#AFORISMO 494/FRIO NOS PÉS E A MORTE NA ALMA# - GRAÇA FONTIS: PINTURA/Manoel Ferreira Neto: AFORISMO


Sinto cada vez mais frio nos pés e a morte na alma. É o desvio que o pudor da verdade obriga a fazer à inteligência, e o pudor da amizade, ao coração. É o desvio que salvaguarda a justiça, colocando a verdade do lado daqueles que se interrogam. A verdade que nós, os homens, mais interrogamos é o nosso sentido neste mundo, para que, enfim, estamos vivendo, nem é preciso esta interrogação, há outras verdades muito mais importantes, o por quê de amarmos tanto que nos falta a palavra, e temos sempre de mentir isto, envelar de qualquer modo, ocultar, para brincar às ocultas. E não há dúvida de que o pagamos bem caro.

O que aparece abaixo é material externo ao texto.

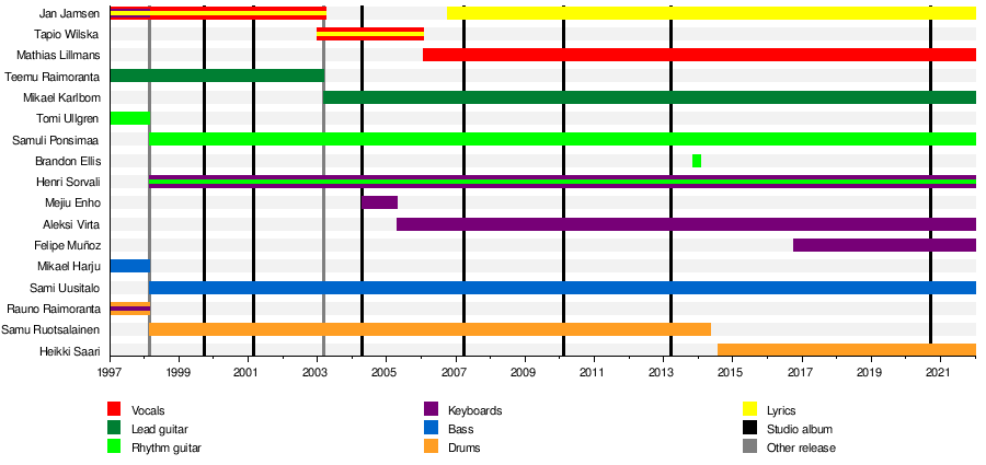 Past members | Mikael Harju Jan Jämsen Rauno Raimoranta Teemu Raimoranta Tomi Ullgren Samu Ruotsalainen Tapio Wilska |
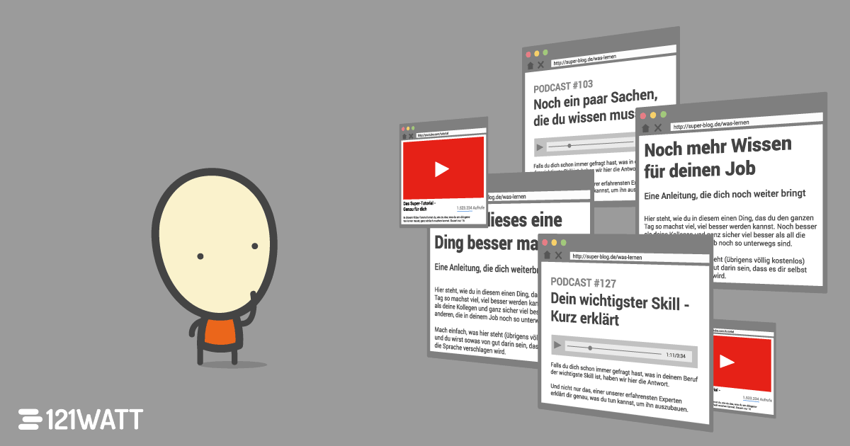 Das Web ist voll von Weiterbildungsangeboten. Und damit meine ich nicht nur Seminare und Lehrgänge, die geballtes Wissen innerhalb von Stunden oder Tagen vermitteln. Was ich meine, sind die vielen nützlichen Texte, Videos und Podcasts, die jeden Tag in den Blogs verschiedener Branchen veröffentlicht werden. Darunter befinden sich tatsächlich sehr viele, die es wert sind, gelesen, angesehen oder angehört zu werden. Denn sie enthalten neben Denkanstößen auch anwendbares und vor allem aktuelles Wissen.
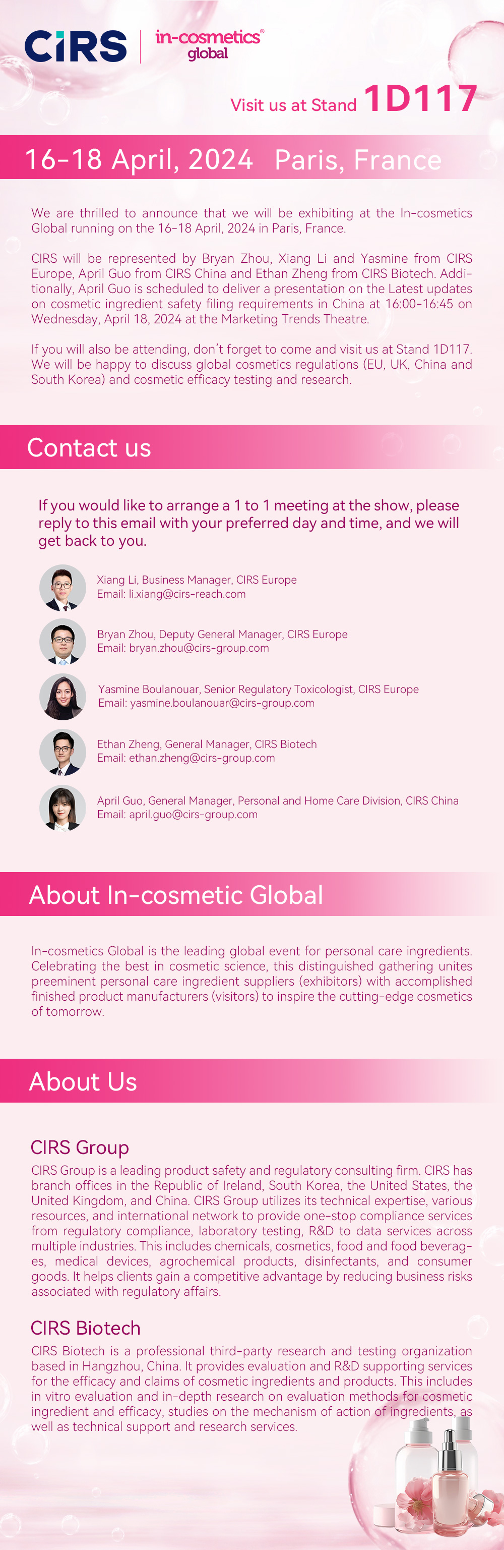 瑞旭集團期待與您在巴黎的相遇,誠邀您訪問我們的展臺(展位號:1D117),在此我們期待與您深入交流全球化妝品法規,包括歐盟、英國、中國及韓國、化妝品的檢測與研發,并分享我們的專業意見及在化妝品法規方面的經驗。共同開啟一個全新的行業視角,攜手邁向國際市場的更深層次合作。請預留您的日程,與我們共襄此次盛事。
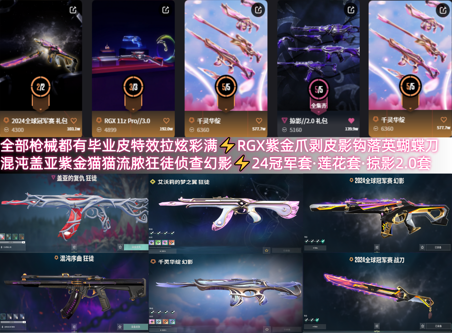 所有武器都有毕业皮⚡24冠军掠影2.0莲花显卡3.0套装剥皮紫金蝴蝶刀⚡混沌盖亚猫猫紫金狂徒侦查幻影
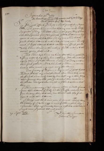 'An Account concerning Silk-wormes sent by Edward Diggs to Mr Palmer', 29 September 1663, RBO/2ii/59, The Royal Society Archives, London, https://makingscience.royalsociety.org/items/rbo_2ii_59/an-account-concerning-silk-wormes-sent-by-edward-diggs-to-mr-palmer, accessed on 06 February 2026
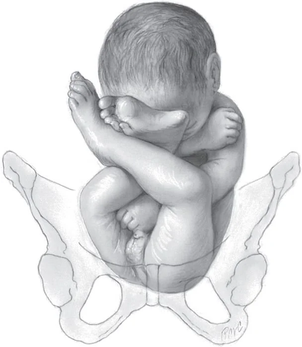 Complete Breech - This is when the baby’s bottom is in the lower uterus near your cervix with their feet tucked, typically like they are sitting criss-cross.
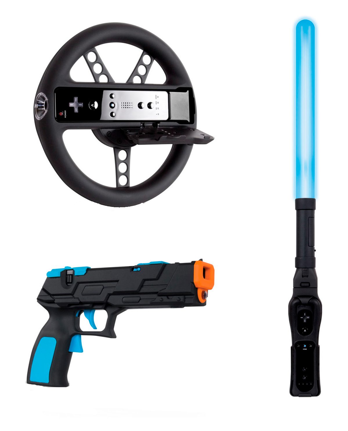 Tres de los adaptadores más comunes para controles Wii remote.
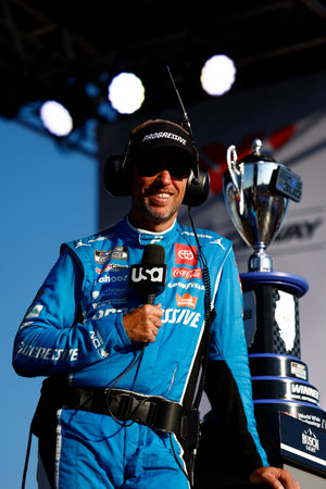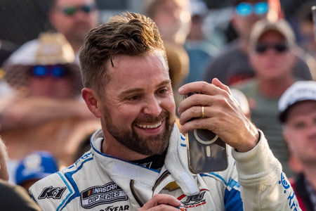 Madison, IL USA - September 07, 2025:Madison, IL USA - September 07, 2025:NASCAR Cup Series driver, DENNY HAMLIN (11) of Chesterfield, VA, wins the Enjoy Illinois 300 at World Wide Technology Raceway in Madison, IL.

Só ao crescer entrei na classe ordinária; ao nascer, saí dela. Hão de rir-se quem me estiver ouvindo pensar isso, por me apresentar modestamente como um prodígio. Seja, mas depois de rirem bastante, que encontrem um menino que aos oito anos de idade os romances prendam, interessem, transportem a ponto de o fazerem chorar ardentes lágrimas. Então considerarei ridícula minha vaidade, e concordarei em que não tenho razão.


A fé dogmática é um produto da educação. Além desse princípio comum que me prendia ao culto dos meus pais, eu tinha a aversão ao catolicismo peculiar à nossa cidade que no-lo fazia considerar como uma horrenda idolatria, e onde nos pintavam o clero com as mais negras cores. Esse sentimento casava – e tão bem comigo que nunca entrevia o interior duma igreja, ou encontrava um padre de sobrepeliz, ou ouvia as campainhas duma procissão sem ter um estremecimento de susto ou de terror; é verdade que essa impressão era singularmente contrastada pelos agrados que os padres dos arredores de Lágrima dos Insanos proporcionam de bom grado aos meninos da cidade.
A humanidade teve sempre tendência no seu conjunto para organizar-se.